И я тут же вспомнила слова Аптекаря о том, что если мотива нет — это тоже мотив. А правда — не всегда то, что лежит на поверхности.
— И что ты мне предлагаешь? Идти сейчас к нему в кабинет и выяснять, чем же я провинилась? Чтобы он наверняка меня задушил?
— Да нет… Конечно, ты права. На рожон лезть не надо, особенно сейчас. Я думаю, надо подождать пару дней, и если он сам появится с новыми угрозами и предупреждениями, — то разобраться с ним и объяснить, что ты ничего не делала и не собираешься. Тем более картина на месте, и, значит, инцидент исчерпан. А если он не появится, то и Бог с ним.
Когда ты делаешь доброе дело, сначала убедись, не причиняешь ли ты этим гораздо большее зло. Когда ты творишь зло, оно тоже не всегда однозначно.

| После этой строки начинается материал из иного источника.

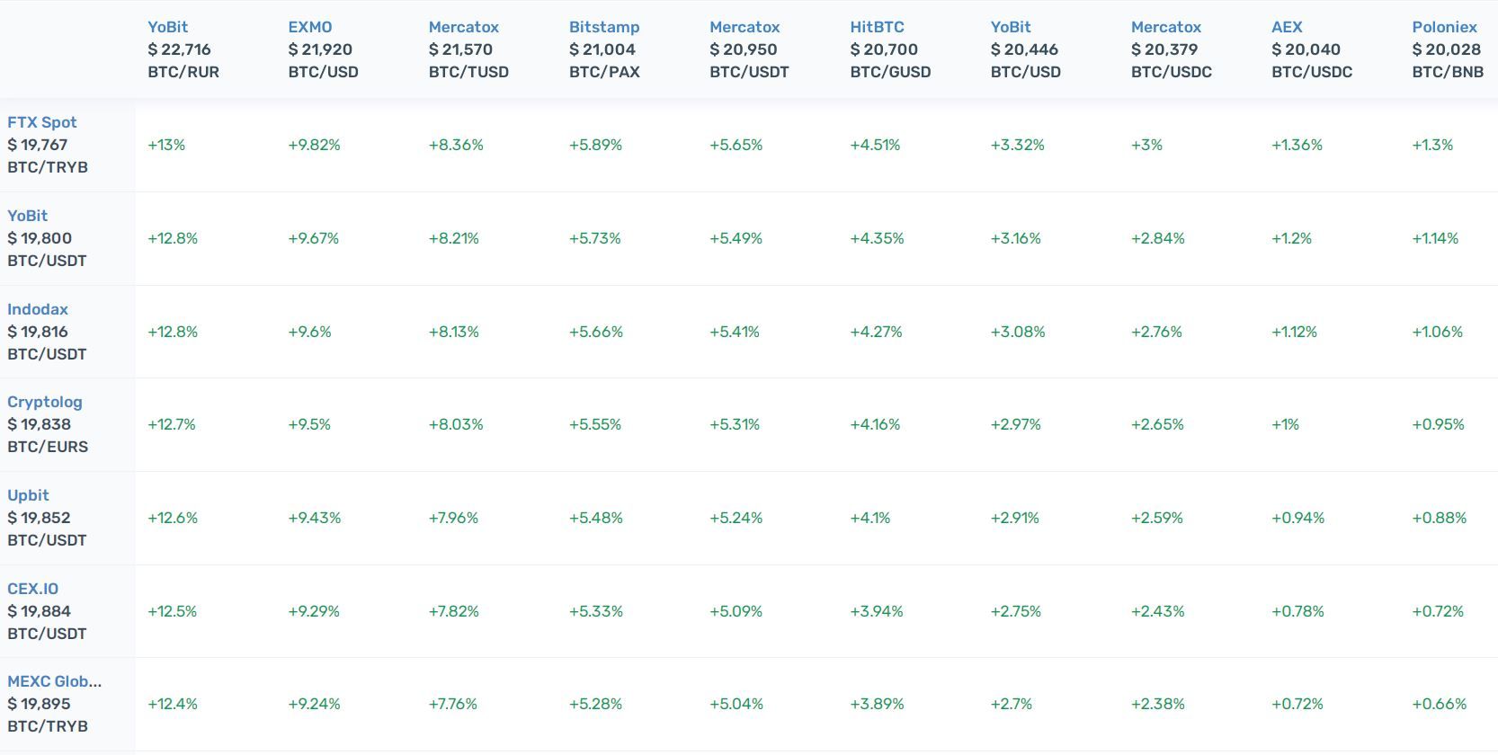 - Простой арбитраж. Задача – купить на одной бирже дешевле определенный актив, и продать его подороже на другой торговой платформе. Осуществлять мониторинг арбитража криптовалют можно при помощи сравнения цен криптобирж.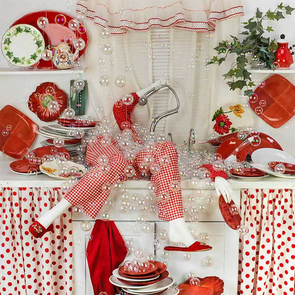 The Anonymous Woman series has been exhibited internationally and has won multiple awards including Carroll being acknowledged as one of Photolucida’s “Top 50” in 2104. Her work has been featured in prestigious blogs and international magazines such as the Huffington Post, The Cut, Ain’t Bad Magazine, and BJP in Britain. Her work has been shown internationally in many one-person exhibits in China and Europe, as well as the USA. (White Box Museum, Beijing, Art Institute of Chicago, Royal Photographic Society, Bath, England, among others.) She has participated in over 100 group exhibitions nationally and internationally, and her work is included in many public and private collections. After teaching photography for many years, Carroll has enthusiastically returned to the studio in order to delight viewers with her playful critique of home and excess. She is currently Artist in Residence at Studios Inc. in Kansas City, Missouri. [Official Website]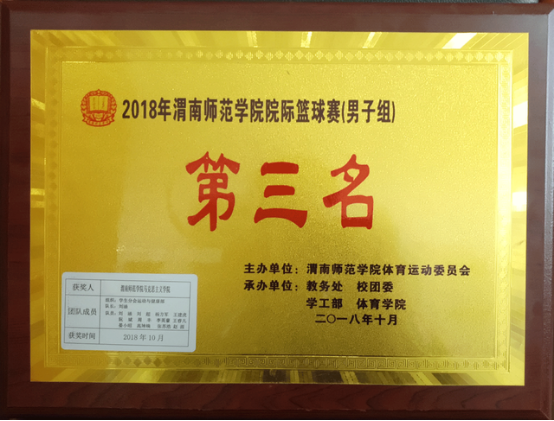 bevictor伟德同学积极参加学校2018年院际篮球赛,男队获得第三名

Я понимал, что мной руководили обида и злость, я знал, что люди всего-навсего несовершенны, но не мог им этого простить. Когда меня унизили, растоптали и выгнали, я почувствовал свою силу. Сила, управляемая смертельной обидой, может стать неуправляемой, может дать невиданный результат, и однажды ты почувствуешь, что это уже не просто сила, это уже — власть.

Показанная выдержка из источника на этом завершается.